Data -
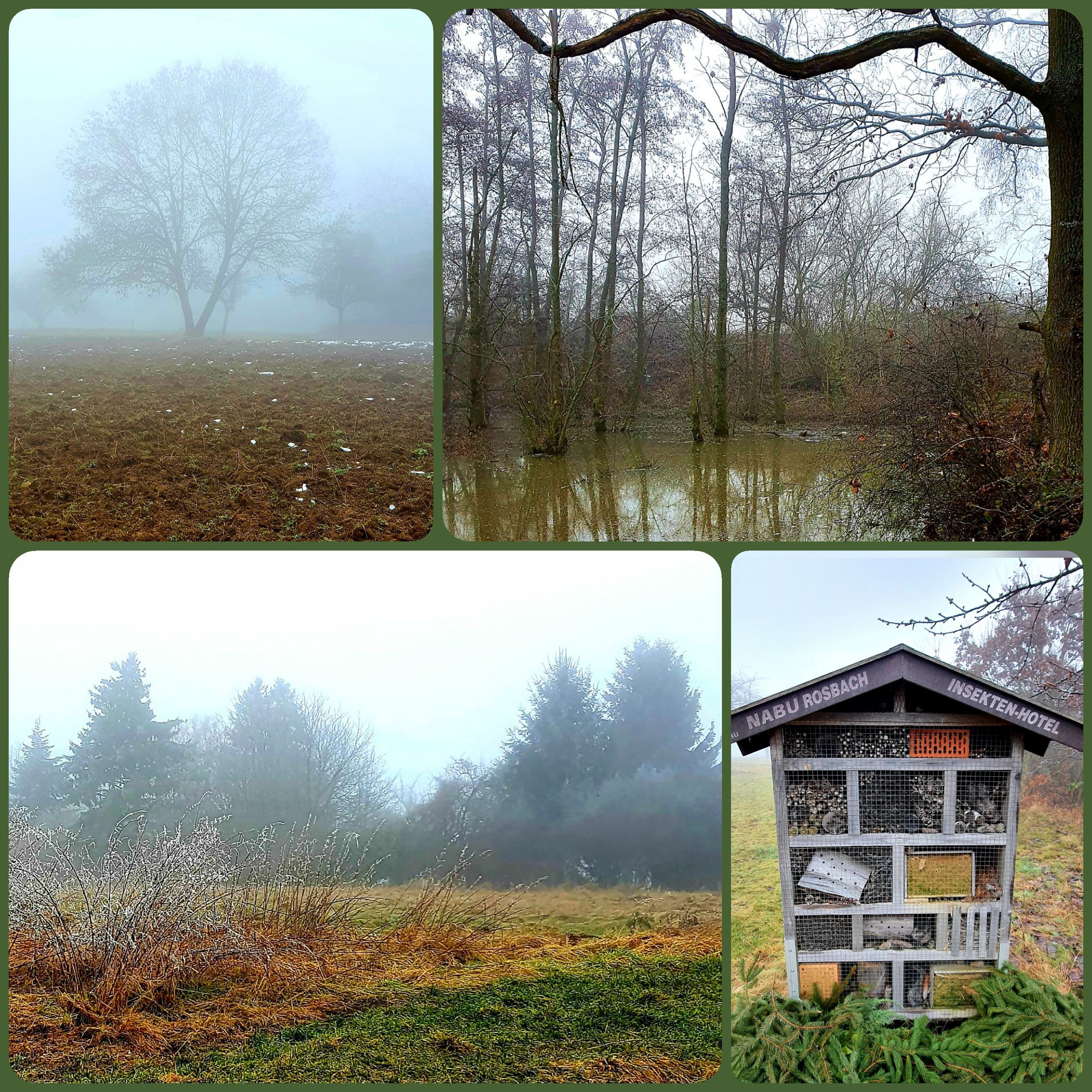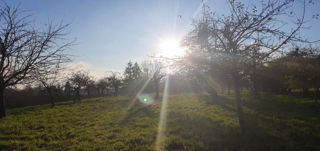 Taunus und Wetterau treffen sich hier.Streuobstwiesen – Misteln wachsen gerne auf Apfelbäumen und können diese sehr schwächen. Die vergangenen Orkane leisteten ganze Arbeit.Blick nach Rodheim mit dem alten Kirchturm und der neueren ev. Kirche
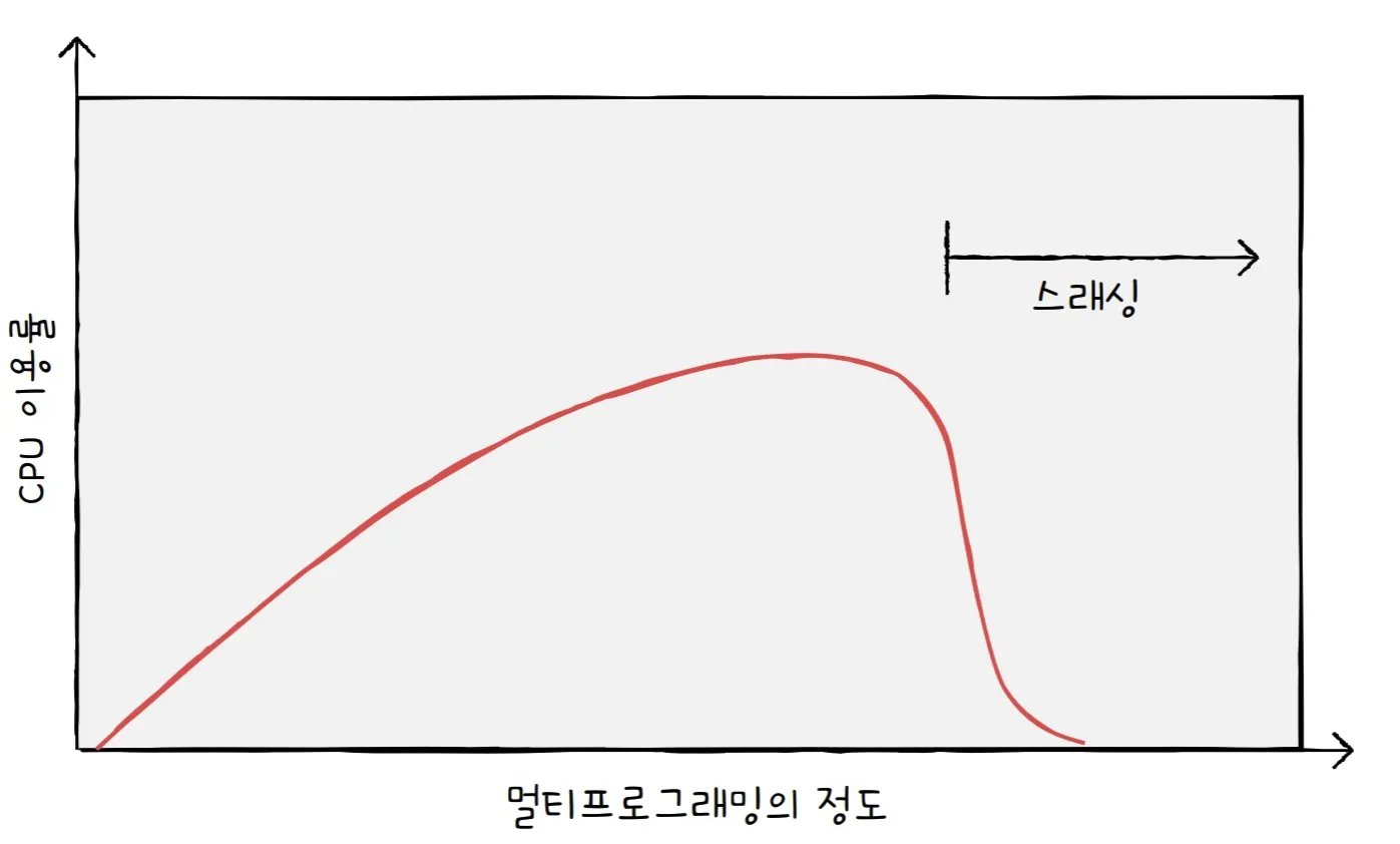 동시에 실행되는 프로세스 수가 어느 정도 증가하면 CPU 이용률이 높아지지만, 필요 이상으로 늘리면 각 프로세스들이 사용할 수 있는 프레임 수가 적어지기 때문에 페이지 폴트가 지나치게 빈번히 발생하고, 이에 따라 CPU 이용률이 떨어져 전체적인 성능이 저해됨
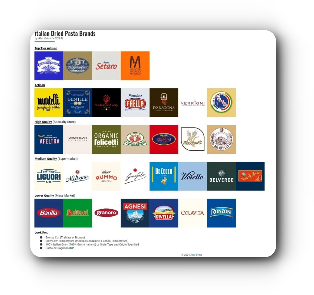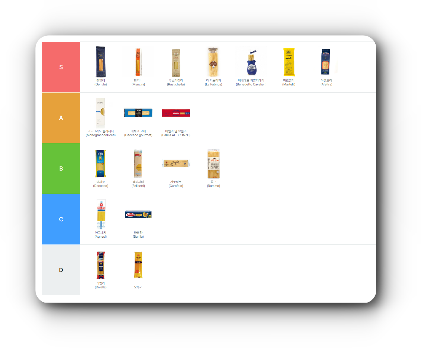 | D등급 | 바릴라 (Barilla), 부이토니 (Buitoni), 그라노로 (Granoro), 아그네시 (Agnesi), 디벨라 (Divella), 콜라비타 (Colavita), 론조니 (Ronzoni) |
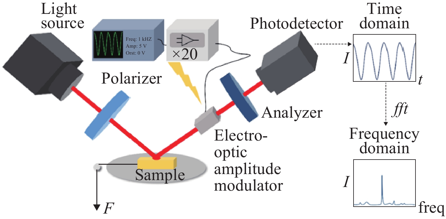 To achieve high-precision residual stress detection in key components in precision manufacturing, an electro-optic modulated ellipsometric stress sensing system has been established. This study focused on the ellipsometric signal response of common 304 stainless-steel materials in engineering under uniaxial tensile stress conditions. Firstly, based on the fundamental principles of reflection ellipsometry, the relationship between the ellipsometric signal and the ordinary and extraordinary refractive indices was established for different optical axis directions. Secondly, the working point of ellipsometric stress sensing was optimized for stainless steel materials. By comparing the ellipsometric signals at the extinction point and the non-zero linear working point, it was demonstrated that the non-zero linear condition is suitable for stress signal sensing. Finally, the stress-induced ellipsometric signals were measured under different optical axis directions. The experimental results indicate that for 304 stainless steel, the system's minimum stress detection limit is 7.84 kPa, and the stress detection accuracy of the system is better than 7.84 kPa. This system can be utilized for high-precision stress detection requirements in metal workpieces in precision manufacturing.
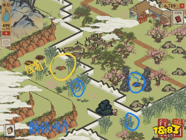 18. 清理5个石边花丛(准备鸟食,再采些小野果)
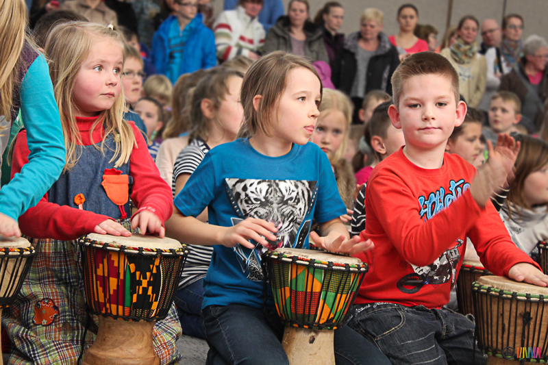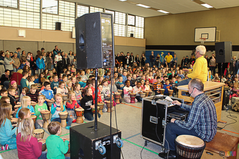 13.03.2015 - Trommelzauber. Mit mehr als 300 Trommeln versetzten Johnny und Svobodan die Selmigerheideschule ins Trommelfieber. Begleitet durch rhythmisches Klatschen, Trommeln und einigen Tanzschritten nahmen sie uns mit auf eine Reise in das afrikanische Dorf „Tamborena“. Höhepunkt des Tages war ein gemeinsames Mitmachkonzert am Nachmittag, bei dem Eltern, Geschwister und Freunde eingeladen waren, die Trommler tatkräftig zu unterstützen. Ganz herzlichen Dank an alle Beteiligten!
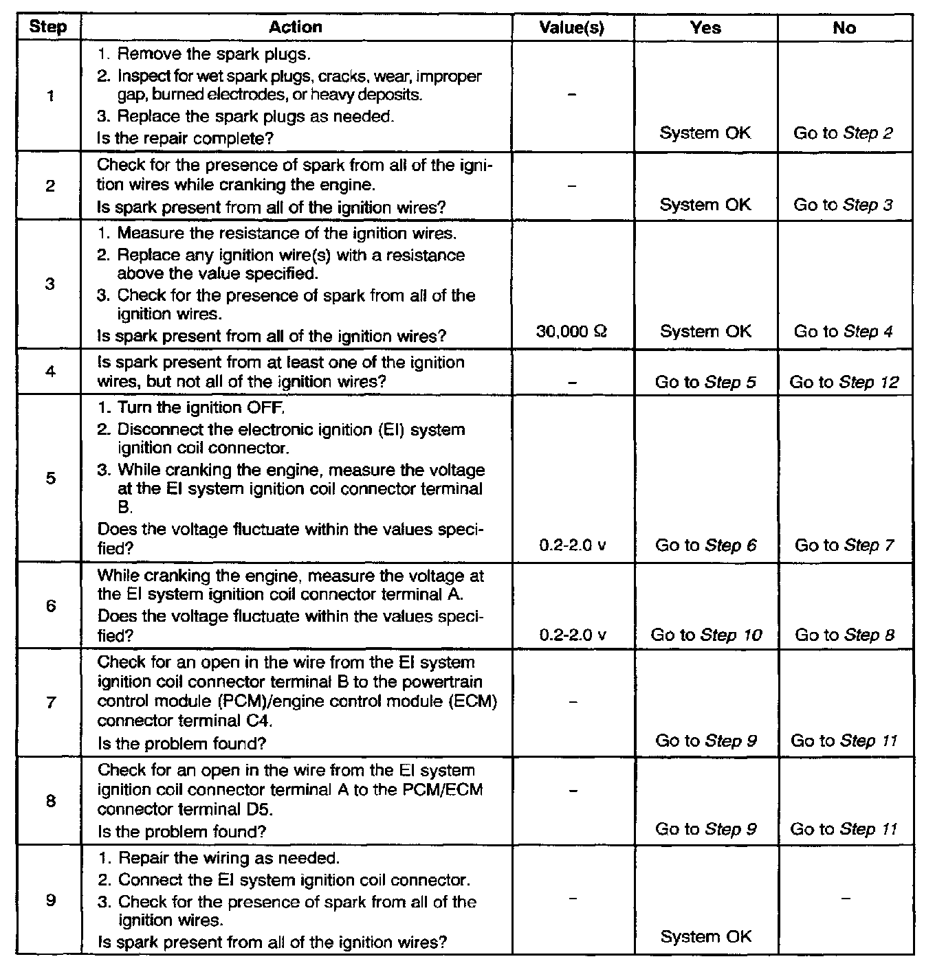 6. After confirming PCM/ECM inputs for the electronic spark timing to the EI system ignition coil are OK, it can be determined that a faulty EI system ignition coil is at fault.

==

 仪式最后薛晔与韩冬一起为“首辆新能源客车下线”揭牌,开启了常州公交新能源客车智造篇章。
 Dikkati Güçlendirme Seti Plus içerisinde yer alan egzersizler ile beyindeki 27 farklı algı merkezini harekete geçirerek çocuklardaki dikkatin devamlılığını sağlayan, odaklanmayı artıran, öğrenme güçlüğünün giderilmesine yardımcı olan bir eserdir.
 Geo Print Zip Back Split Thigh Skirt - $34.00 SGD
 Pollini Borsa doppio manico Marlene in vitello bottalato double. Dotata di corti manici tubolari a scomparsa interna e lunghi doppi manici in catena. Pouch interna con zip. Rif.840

--

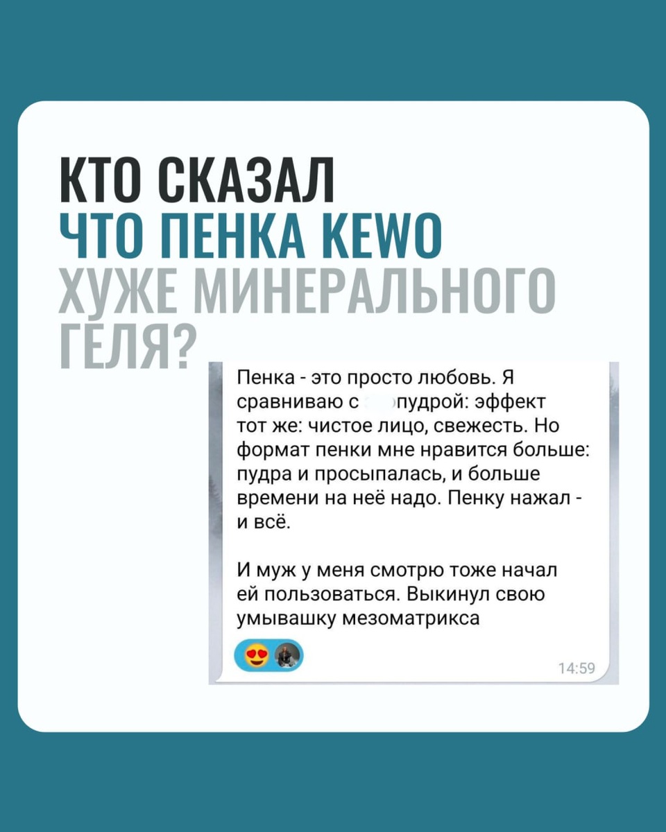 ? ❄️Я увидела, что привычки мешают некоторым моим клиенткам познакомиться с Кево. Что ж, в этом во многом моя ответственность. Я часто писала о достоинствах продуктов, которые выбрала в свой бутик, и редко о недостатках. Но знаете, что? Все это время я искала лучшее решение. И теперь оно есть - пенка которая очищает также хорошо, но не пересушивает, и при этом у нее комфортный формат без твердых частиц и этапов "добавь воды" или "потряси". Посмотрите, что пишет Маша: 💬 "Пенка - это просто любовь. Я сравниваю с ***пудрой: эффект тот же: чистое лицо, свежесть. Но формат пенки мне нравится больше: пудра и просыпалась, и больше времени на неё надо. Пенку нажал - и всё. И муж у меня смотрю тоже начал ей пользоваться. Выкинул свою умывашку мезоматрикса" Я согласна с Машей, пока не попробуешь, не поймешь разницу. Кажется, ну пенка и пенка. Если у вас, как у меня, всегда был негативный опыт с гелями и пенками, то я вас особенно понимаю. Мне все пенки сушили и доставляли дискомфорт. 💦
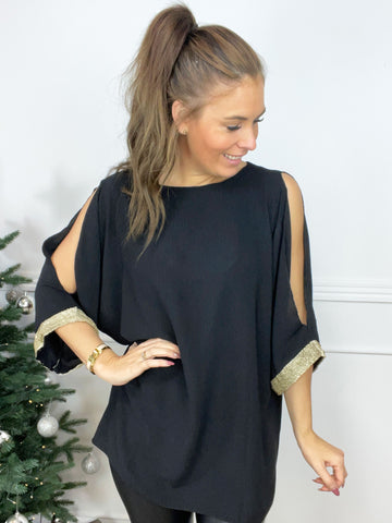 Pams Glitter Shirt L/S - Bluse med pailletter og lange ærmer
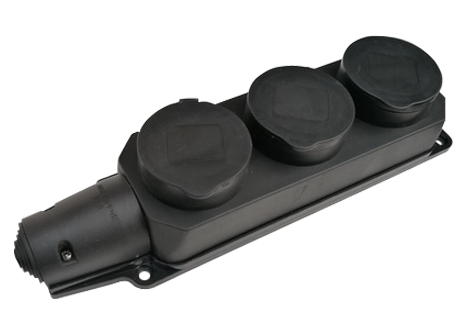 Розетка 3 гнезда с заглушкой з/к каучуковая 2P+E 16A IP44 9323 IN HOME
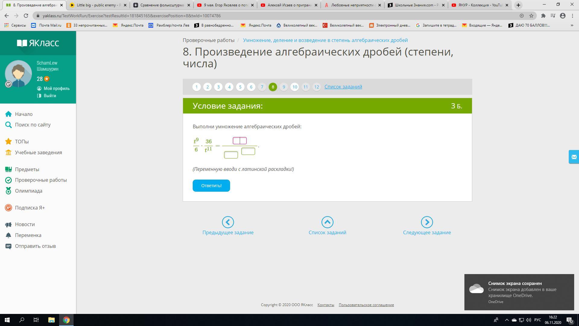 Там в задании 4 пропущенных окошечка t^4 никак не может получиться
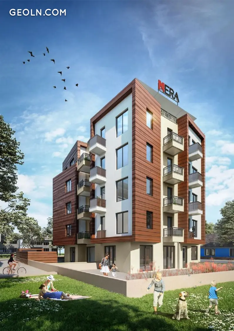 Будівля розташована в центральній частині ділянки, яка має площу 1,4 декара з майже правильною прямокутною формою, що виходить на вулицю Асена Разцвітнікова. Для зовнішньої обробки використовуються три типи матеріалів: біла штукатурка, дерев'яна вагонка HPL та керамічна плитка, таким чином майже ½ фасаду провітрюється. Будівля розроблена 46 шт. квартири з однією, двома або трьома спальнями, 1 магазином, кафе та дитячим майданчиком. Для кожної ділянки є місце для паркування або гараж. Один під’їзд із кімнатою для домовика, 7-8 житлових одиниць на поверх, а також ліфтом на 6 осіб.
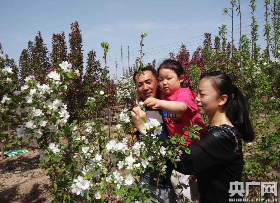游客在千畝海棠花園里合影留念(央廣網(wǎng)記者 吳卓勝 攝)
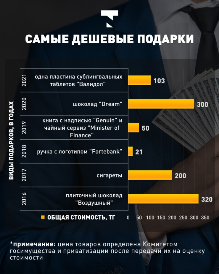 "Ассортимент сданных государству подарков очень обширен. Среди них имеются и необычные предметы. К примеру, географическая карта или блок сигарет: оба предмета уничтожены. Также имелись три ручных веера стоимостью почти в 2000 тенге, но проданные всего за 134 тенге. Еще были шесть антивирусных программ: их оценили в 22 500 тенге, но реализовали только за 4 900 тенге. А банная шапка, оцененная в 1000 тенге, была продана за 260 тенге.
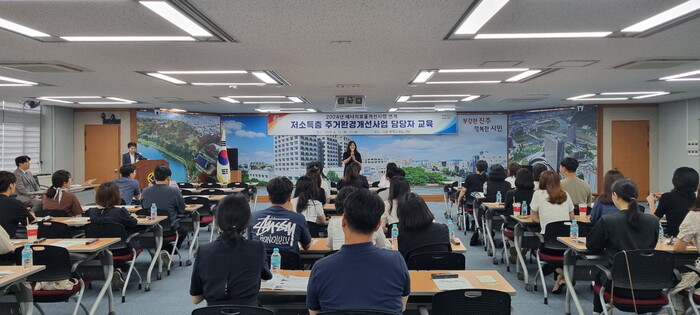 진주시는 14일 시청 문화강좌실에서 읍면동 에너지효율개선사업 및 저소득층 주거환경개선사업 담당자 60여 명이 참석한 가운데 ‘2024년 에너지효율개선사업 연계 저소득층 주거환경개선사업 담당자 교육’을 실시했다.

Activity -
Give the lines above again exactly, from the one containing "18. 清理5个石边花丛(准备鸟食,再采些小野果)" to the one containing "6. After confirming", both included, but leave out the pictures.

Written answer -
 18. 清理5个石边花丛(准备鸟食,再采些小野果)
 13.03.2015 - Trommelzauber. Mit mehr als 300 Trommeln versetzten Johnny und Svobodan die Selmigerheideschule ins Trommelfieber. Begleitet durch rhythmisches Klatschen, Trommeln und einigen Tanzschritten nahmen sie uns mit auf eine Reise in das afrikanische Dorf „Tamborena“. Höhepunkt des Tages war ein gemeinsames Mitmachkonzert am Nachmittag, bei dem Eltern, Geschwister und Freunde eingeladen waren, die Trommler tatkräftig zu unterstützen. Ganz herzlichen Dank an alle Beteiligten!
 6. After confirming PCM/ECM inputs for the electronic spark timing to the EI system ignition coil are OK, it can be determined that a faulty EI system ignition coil is at fault.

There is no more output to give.